During the impact statements of the sentencing phase, which began on March 21, Bailey's family members, friends and members of her cheerleading team gave emotional testimonies. Bailey's mother, Stacy, pleaded with Judge Smith during her testimony, saying: "Please do not for one second think [Fucci] could be rehabilitated at any point. He is beyond saving." She also spoke directly to Fucci, stating: "Aiden Fucci, you have destroyed me, you have destroyed my family." Bailey's second oldest sister, Alexis, dropped 114 aqua stone hearts into a glass jar one by one to represent the stab wounds her sister endured. The jar stayed there for each family member (except Bailey's older sister Sophia, who was not present in the sentencing) while they read their statements. Each concluded by adding a white stone to represent something related to Bailey's death. Employees at Patriot Oaks Academy (the school that both Fucci and Bailey attended), police officers involved in the case, and Fucci's grandmother were also among those who testified. During her testimony, Fucci's grandmother pleaded with the judge to not give him the maximum sentence: "Please don't take him out of our lives forever, I know there is some good in Aiden."

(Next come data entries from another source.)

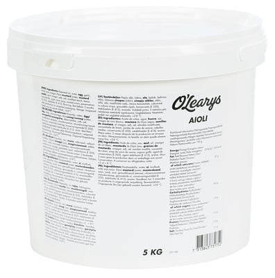 Aioli 5kg O'learys fra O'Learys Vekten er 5000 g. Produktet inneholder følgende allergener: Egg, Sennep. Produktet leveres av REMA 1000 NORGE AS (LEV.). Produktet ble første gang registrert 11.6.2023 og sist oppdatert 6.9.2023.
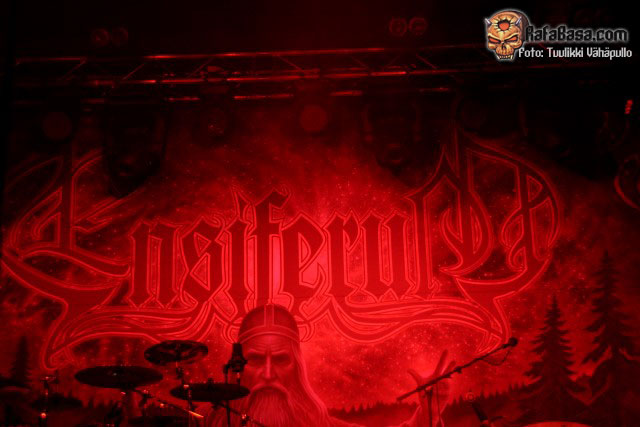 Hubo que esperar un poquito para que ENSIFERUM tuviera listo el escenario a su gusto, durante la espera mi colega Sampo me informo de que esa noche y en un futuro cercano, Petri solo se dedicaría a cantar, un problema físico le impide tocar la guitarra con comodidad, así que tendríamos al antiguo bajista y guitarrista Jukka-Pekka Miettinen tocando la guitarra en su lugar, aunque hemos de recordar que ya ha sustituido a otros miembros temporalmente, así que nada nuevo ni importante, por mi perfecto, a ver si así conseguíamos ver a un Petri un poco más activo que habitualmente.
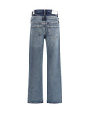 The Elson Jeans by Agolde features a relaxed straight-leg silhouette crafted from double-waisted dark and medium indigo denim. Made from rigid, non-stretch regenerative cotton, it delivers a structured yet comfortable feel. Subtle fading, marbling, and whiskering details give it a naturally worn-in character. A versatile piece, ideal for pairing with fitted tops or layered knits for a balanced and effortless look.
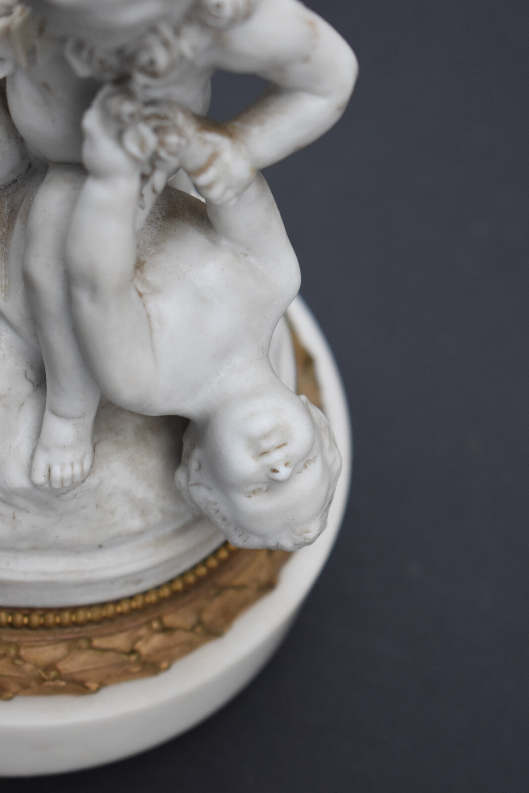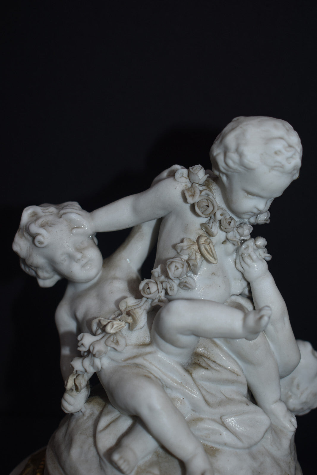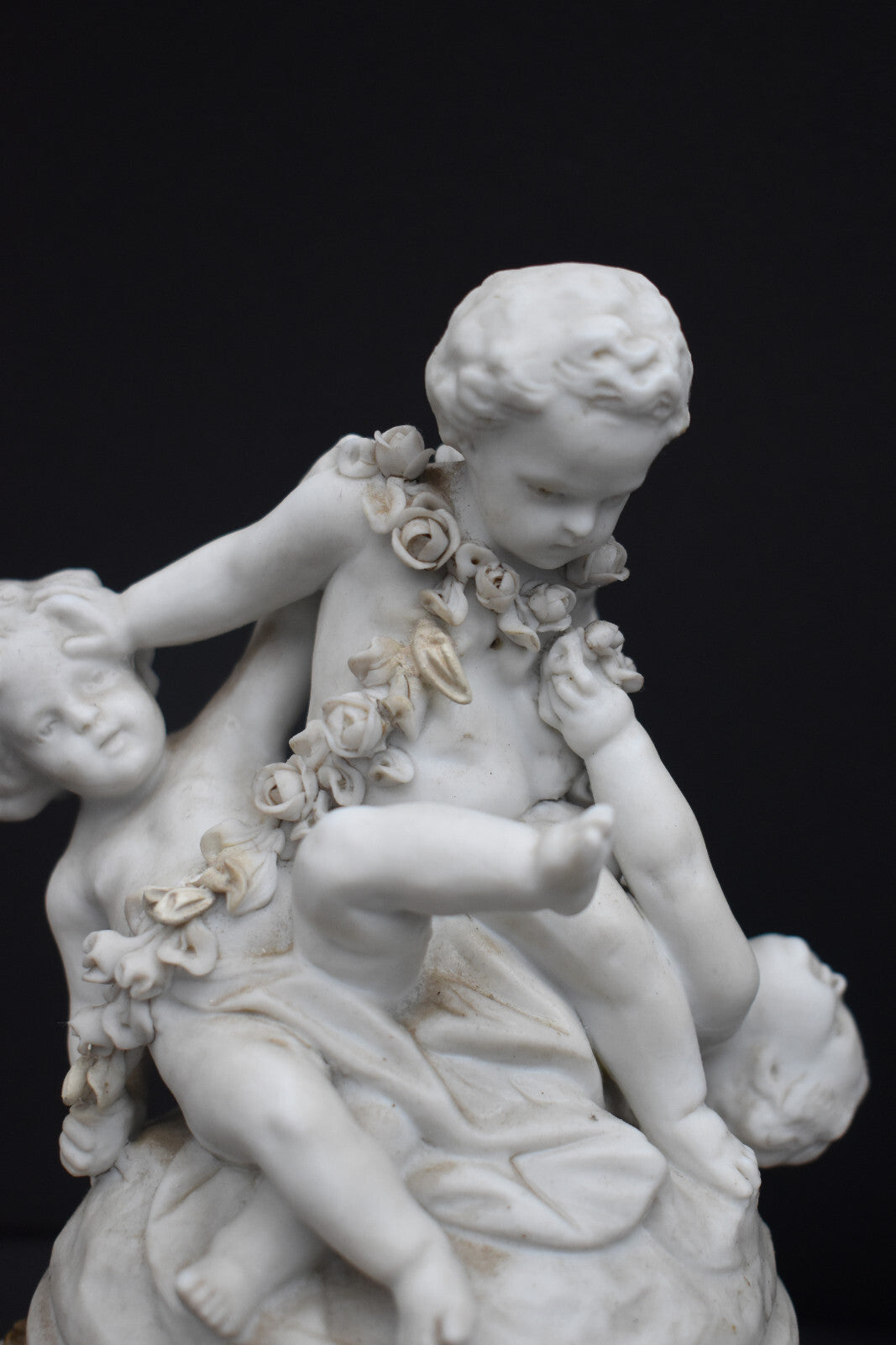 Antique bisque porcelain putti group statue playing marble base
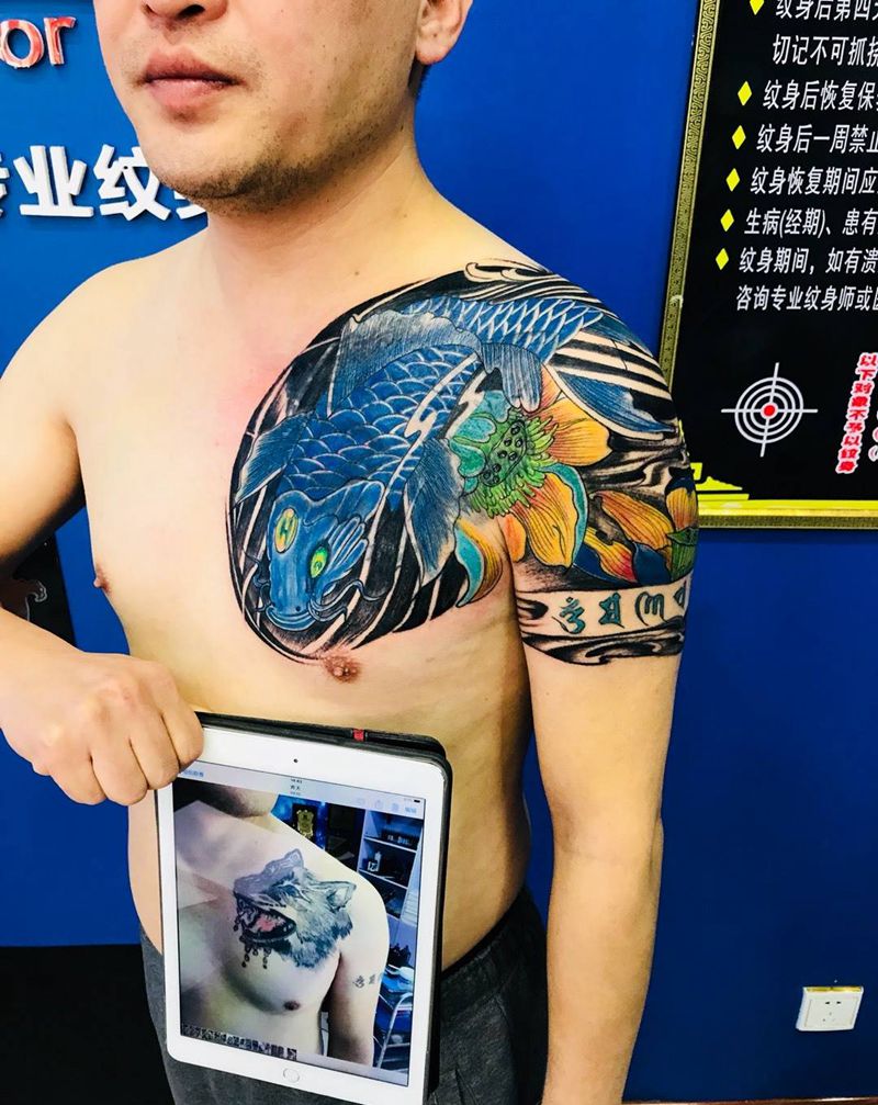 当前位置: 首页 >山东省烟台市纹身店-鼎力刺青专业纹身会所纹身图案>半甲锦鲤纹身图片
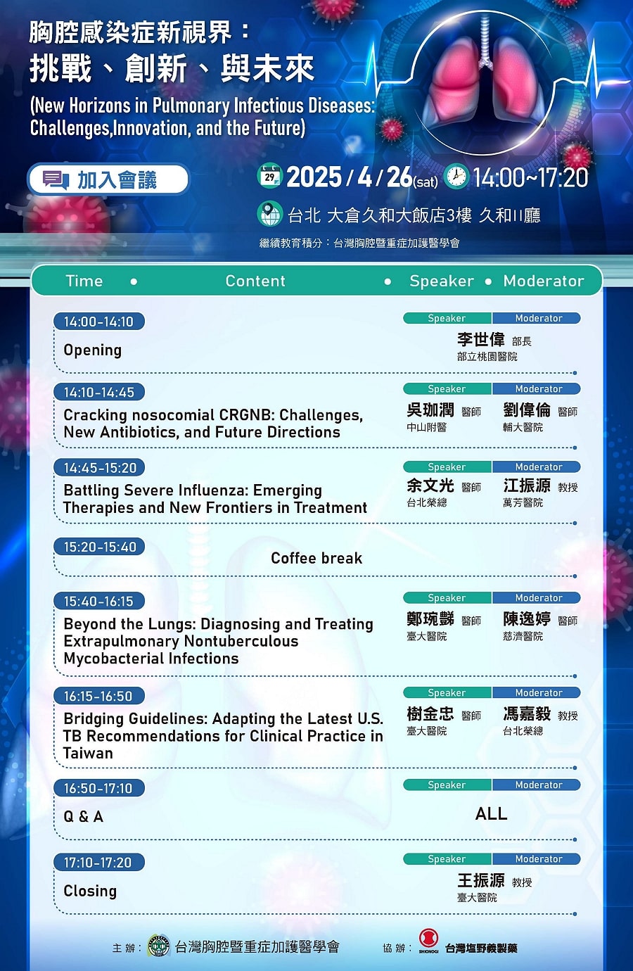 114年04月26日(星期六) 胸腔感染症新視界:挑戰、創新、與未來

In the closing arguments, Peoples cited Fucci's ADHD diagnosis, the emotional neglect he had suffered as a child, the history of mental illness in his family and his physically abusive step-father in her recommendation of the minimum 40-year sentence. State Attorney Jennifer Dunton spoke of Fucci's impetuous behaviour, the level of premeditation of the murder, his disciplinary problems at school and his verbalization of the crime beforehand, including telling his girlfriend that he was going to kill someone soon. Dunton also cited Dr. Prichard's testimony, during which he claimed Fucci understood right from wrong and was aware of the consequences of the crime. She also said the crime was "extremely unique and extremely violent," recommending the maximum sentence of life in prison.

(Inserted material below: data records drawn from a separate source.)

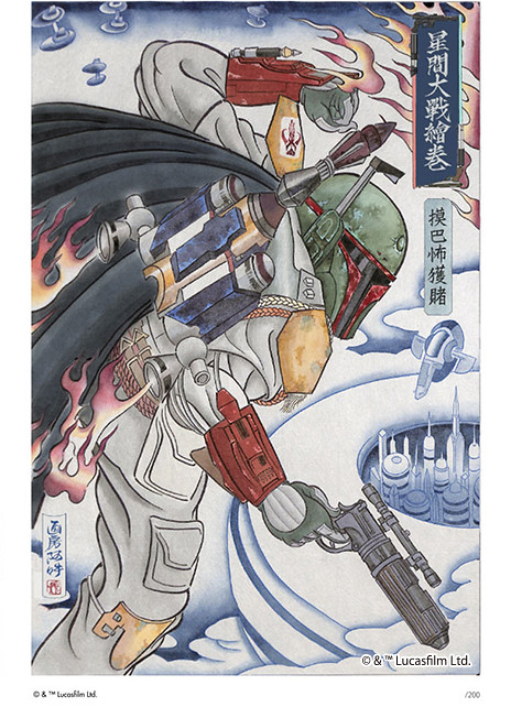 這次將推出三款作品,分別為兩款單獨販售的作品:星間大戦絵巻「暗黒卿 堕悪巣矇婁 (Darth Maul)」與星間大戦絵巻「摸巴怖獲賭(Boba Fett)」,另外有一個套裝組合“星間大戦絵巻「コンプリートセット2」”,將追加收錄第三款作品 - 星間大戦絵巻「千年飛鷹流水図(Millennium Falcon)」。
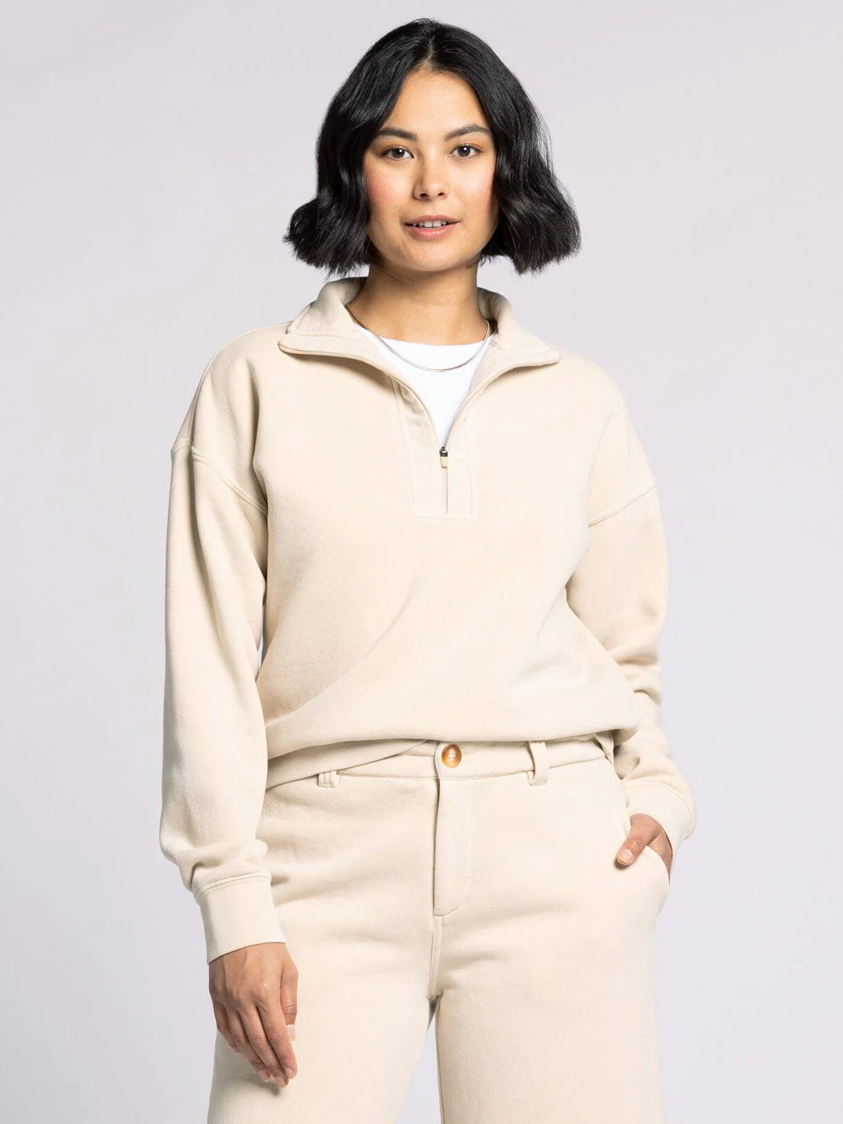 This quarter-zip pullover is your secret weapon for effortless versatility. The relaxed fit provides all-day comfort while the quarter-zip detail adds subtle sophistication. Dress it down with joggers and sneakers for weekend ease, or elevate it with tailored trousers and loafers for a polished look. From casual coffee dates to creative work sessions, this pullover adapts to your lifestyle without sacrificing style or comfort. It also looks fabulous with the matching Mirabel Pants!
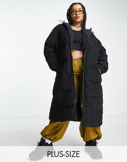Daisy Street Plus – Svart lång pufferkappa i manchester med huva
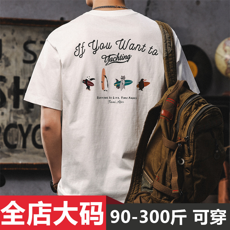 特大サイズ 150kg ヘビージャカード Tシャツメンズ夏半袖カップルアメリカンレトロルーズハイエンド Tシャツ
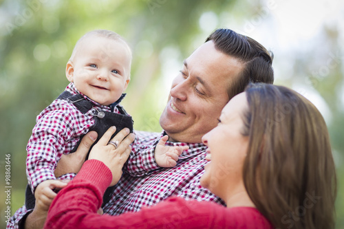 Little Baby Boy Having Fun With Mother and Father Outdoors
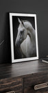 Maggie av Avishai Avivi er et rolig, minimalistisk portrett av en grasiøs hoppe. Det myke linjespillet i hals og man skaper en harmonisk bevegelse, mens nøytrale toner og subtile kontraster gir motivet tidløs eleganse. En stilren hyllest til hestens styrke og vennlighet. Passer perfekt i stue, soverom eller kontor.
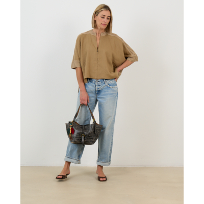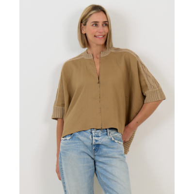 Deze luxe camelvest van Max Mara Main combineert verfijnde elegantie met moderne details. De korte mouwen zijn uitgevoerd met ribgebreide afwerkingen, evenals de ronde halslijn. Aan de achterzijde valt een opvallend gestructureerd breipatroon op met een speelse kabelstructuur die textuur en diepte toevoegt. De rechte pasvorm zorgt voor een comfortabele dracht, terwijl de camelkleur tijdloze chic uitstraalt.
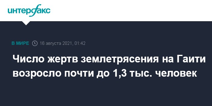 Москва. 16 августа. INTERFAX.RU - Число жертв мощного землетрясения на Гаити возросло почти до 1,3 тысячи человек, свыше 5,7 тысяч человек получили ранения и травмы, передают западные СМИ.
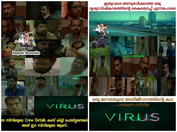 വൈറസിലെ സൗബിന്റേതായി കാണിച്ച ആ ഒരു രംഗം മാത്രം മതി പുറത്തിറങ്ങാന് പോലും പേടിച്ച ആ ദിവസങ്ങള് മലയാളികള്ക്ക് എന്തായിരുന്നു എന്ന് കാണിച്ച് തരാന് എന്നാണ് ട്രോളന്മാര് പറയുന്നത്.
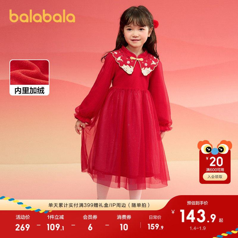 巴拉秋装红色女童连衣裙
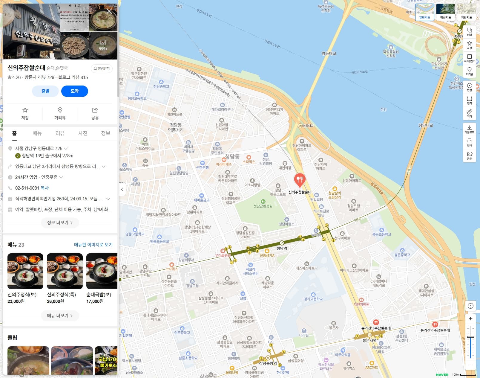 24시간 순댓국을 자랑하는 맛집, 신의주찹쌀순대 청담본점이 있습니다.이곳은 ‘나혼자산다’, ‘백반기행’에도 소개될 만큼 유명한 곳으로

Fucci was ultimately given the maximum sentence of life in prison on March 24, 2023, at age 16. After 25 years of incarceration, he'll be entitled to apply for a case review hearing. During the sentencing, Judge R. Lee Smith called this the most "difficult and shocking case" over which he had presided, adding:

"What is also very troubling is that this crime had no motive. This was not done out of greed; it was not done in retaliation, retribution, or revenge; it was not a crime of passion; it was not a crime that was committed because he felt rejected by her, it was not done in a fit of uncontrollable anger. There was no reason. There was no purpose. It was done for no other reason than to satisfy this defendant's internal desire to feel what it was like to kill someone."

==Tristyn Bailey Memorial Foundation==
Bailey's family formed the Tristyn Bailey Memorial Foundation, which helped enact a law in the state of Florida that restricts the disclosure of crime scene photographs of any minor who has been murdered in the state.